| Action item |
Repeat the listing below in full and exactly. Pictures are to be omitted.

| The data |
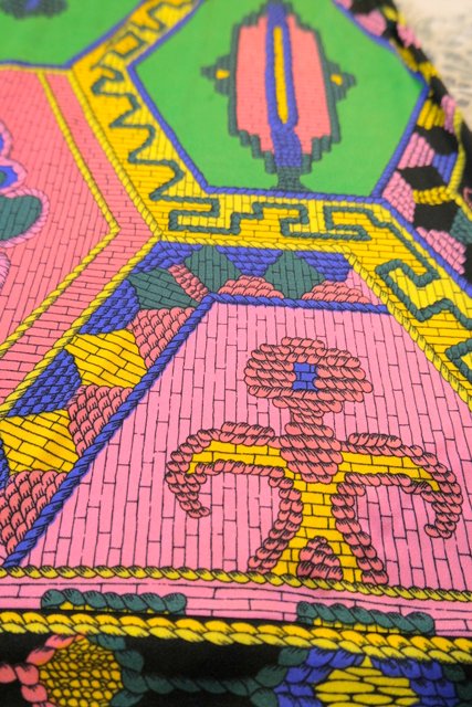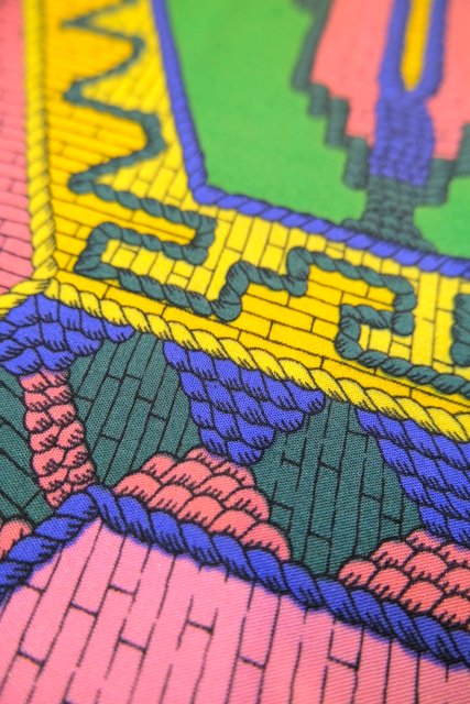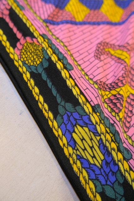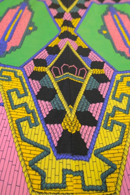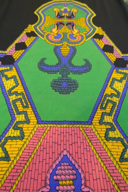 大人エレガンスなテロっと感に目を惹くサイケデリックなロープ編み込みカラフルプリントが魅力的な1970年代頃のヨーロピアンヴィンテージロングドレス
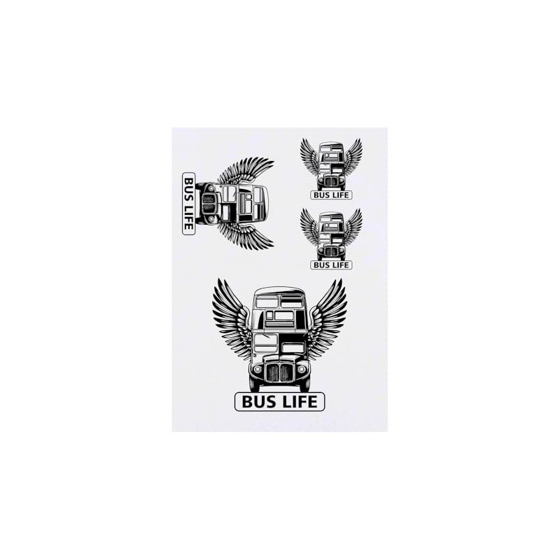 4 x 'Bus Life' Temporary Tattoos - Water Resistant, Skin-Safe, Non-Toxic Transfers, Mixed Sizes (TO00085150)
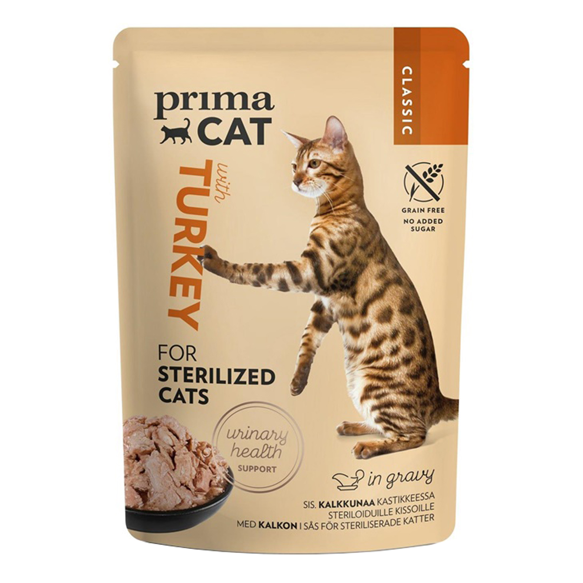 Prima Cat Υγρή Τροφή Για Στειρωμένες Γάτες Με Γαλοπούλα Σε Σάλτσα 85 gr
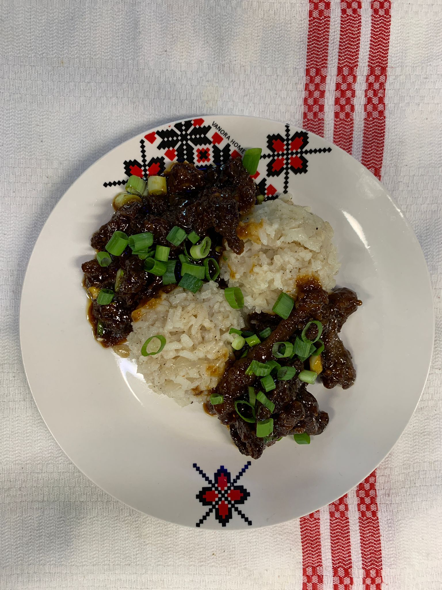 F3 – VITĂ MARINATĂ ÎN STIL MONGOLEZ CU OREZ ALB (carne de vita, usturoi, ghimbir, sos soya, ceapa verde, orez alb) – 350 gr.
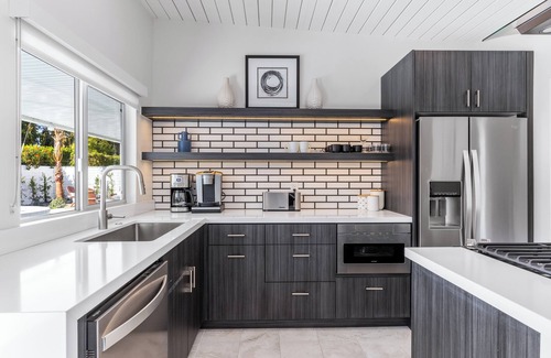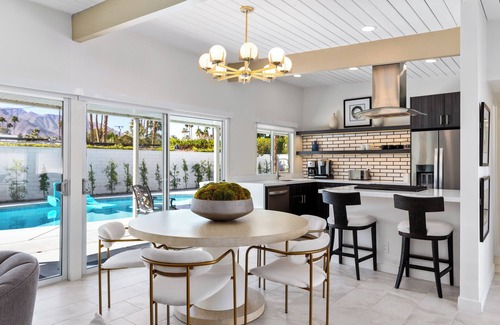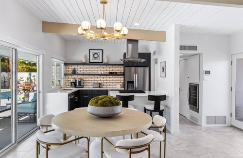 Step inside to discover a thoughtfully designed great room that perfectly captures the essence of Palm Springs living. Exposed beam ceilings stretch across the room, enhancing the sense of space, while a sleek fireplace adds warmth and style. Floor-to-ceiling windows flood the area with natural light, seamlessly blending the indoors with the outdoor beauty. Mid-century furnishings, modern accents, and vibrant artwork create a welcoming atmosphere that’s as sophisticated as it is comfortable. The open-concept layout connects the living, dining, and kitchen areas, making it the ultimate gathering space. The kitchen is a dream, featuring high-end stainless steel appliances, stylish cabinetry, and a breakfast bar ideal for casual bites, morning coffee, or evening cocktails.
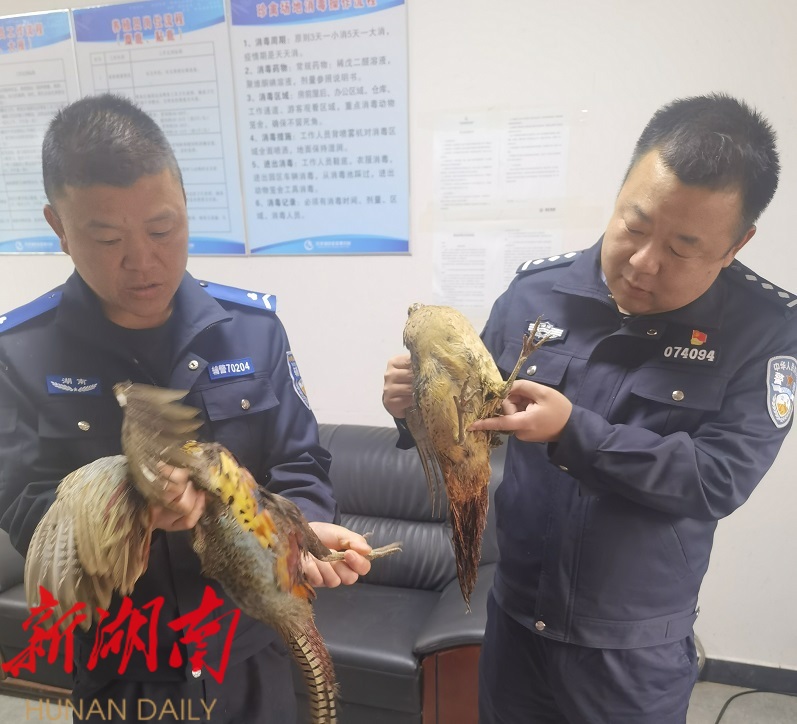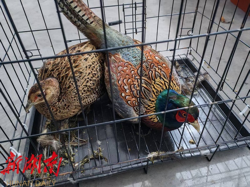 湖南日报·新湖南客户端3月31日讯(通讯员 戴广宇)近日,湘阴县公安局城南派出所民警在金龙镇天井坡附近巡逻时,发现3名男子形迹可疑,经盘查,现场扣押活野鸡两只、热成像无人机一台、狩猎网一张。经该县林业局认定,涉案的野鸡为“三有”保护动物——雉鸡和铜长尾雉,目前,涉案动物已放生,案件正在进一步侦破当中。
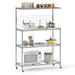 This multifunctional storage solution, known as a kitchen utility rack, boasts ample space with a spacious countertop, 3 sturdy shelves, a hanging net, and detachable hooks. Its innovative design allows for easy customization to fit items of various sizes, with adjustable shelves and a customizable hanging net that can be modified with 3 cm increments. Crafted from multi-layered metal, this kitchen storage rack can support up to 195 kg. 4 universal wheels, including 2 lockable wheels, make it easily switched between usage scenarios at any time. Cleaning is a breeze with the detachable shelf liner, and installation is made simple with convenient spiral connections. Large Storage Capacity: The bakers rack has a wide countertop for your microwave or coffee maker, 3 sturdy shelves for dishes or jars, a versatile hanging net for fruits or vegetables, and 4 detachable S-shaped hooks for hanging utensils, pots, or towels. Height Adjustable Design: Featuring 3 adjustable shelves and a customizable hanging net, each with 250 mm increment options, the coffee bar table provides the flexibility to accommodate a variety of item sizes, from large appliances to small spice jars. Robust Metal Structure: The microwave stand comes with a strong metal structure, effortlessly supporting up to 195 kg. The tubes are constructed with a multi-layered design, including a powder coating layer, an anti-corrosion and wear-proof layer, and titanium steel layer. Effortless Mobility: Equipped with 4 smooth, wear-proof universal wheels, the utility storage rack glides easily across any floor surface. 2 lockable wheels provide stability and security when you need it, allowing you to lock the rack in place for safe use. More Superior Details: The included detachable shelf liner simplifies cleaning. Simply wipe it with soap or water for a spotless finish. Plus, the kitchen storage shelf’s spiral connections make installation more convenient.

| Response to the task |
 大人エレガンスなテロっと感に目を惹くサイケデリックなロープ編み込みカラフルプリントが魅力的な1970年代頃のヨーロピアンヴィンテージロングドレス
 4 x 'Bus Life' Temporary Tattoos - Water Resistant, Skin-Safe, Non-Toxic Transfers, Mixed Sizes (TO00085150)
 Prima Cat Υγρή Τροφή Για Στειρωμένες Γάτες Με Γαλοπούλα Σε Σάλτσα 85 gr
 F3 – VITĂ MARINATĂ ÎN STIL MONGOLEZ CU OREZ ALB (carne de vita, usturoi, ghimbir, sos soya, ceapa verde, orez alb) – 350 gr.
 Step inside to discover a thoughtfully designed great room that perfectly captures the essence of Palm Springs living. Exposed beam ceilings stretch across the room, enhancing the sense of space, while a sleek fireplace adds warmth and style. Floor-to-ceiling windows flood the area with natural light, seamlessly blending the indoors with the outdoor beauty. Mid-century furnishings, modern accents, and vibrant artwork create a welcoming atmosphere that’s as sophisticated as it is comfortable. The open-concept layout connects the living, dining, and kitchen areas, making it the ultimate gathering space. The kitchen is a dream, featuring high-end stainless steel appliances, stylish cabinetry, and a breakfast bar ideal for casual bites, morning coffee, or evening cocktails.
 湖南日报·新湖南客户端3月31日讯(通讯员 戴广宇)近日,湘阴县公安局城南派出所民警在金龙镇天井坡附近巡逻时,发现3名男子形迹可疑,经盘查,现场扣押活野鸡两只、热成像无人机一台、狩猎网一张。经该县林业局认定,涉案的野鸡为“三有”保护动物——雉鸡和铜长尾雉,目前,涉案动物已放生,案件正在进一步侦破当中。
 This multifunctional storage solution, known as a kitchen utility rack, boasts ample space with a spacious countertop, 3 sturdy shelves, a hanging net, and detachable hooks. Its innovative design allows for easy customization to fit items of various sizes, with adjustable shelves and a customizable hanging net that can be modified with 3 cm increments. Crafted from multi-layered metal, this kitchen storage rack can support up to 195 kg. 4 universal wheels, including 2 lockable wheels, make it easily switched between usage scenarios at any time. Cleaning is a breeze with the detachable shelf liner, and installation is made simple with convenient spiral connections. Large Storage Capacity: The bakers rack has a wide countertop for your microwave or coffee maker, 3 sturdy shelves for dishes or jars, a versatile hanging net for fruits or vegetables, and 4 detachable S-shaped hooks for hanging utensils, pots, or towels. Height Adjustable Design: Featuring 3 adjustable shelves and a customizable hanging net, each with 250 mm increment options, the coffee bar table provides the flexibility to accommodate a variety of item sizes, from large appliances to small spice jars. Robust Metal Structure: The microwave stand comes with a strong metal structure, effortlessly supporting up to 195 kg. The tubes are constructed with a multi-layered design, including a powder coating layer, an anti-corrosion and wear-proof layer, and titanium steel layer. Effortless Mobility: Equipped with 4 smooth, wear-proof universal wheels, the utility storage rack glides easily across any floor surface. 2 lockable wheels provide stability and security when you need it, allowing you to lock the rack in place for safe use. More Superior Details: The included detachable shelf liner simplifies cleaning. Simply wipe it with soap or water for a spotless finish. Plus, the kitchen storage shelf’s spiral connections make installation more convenient.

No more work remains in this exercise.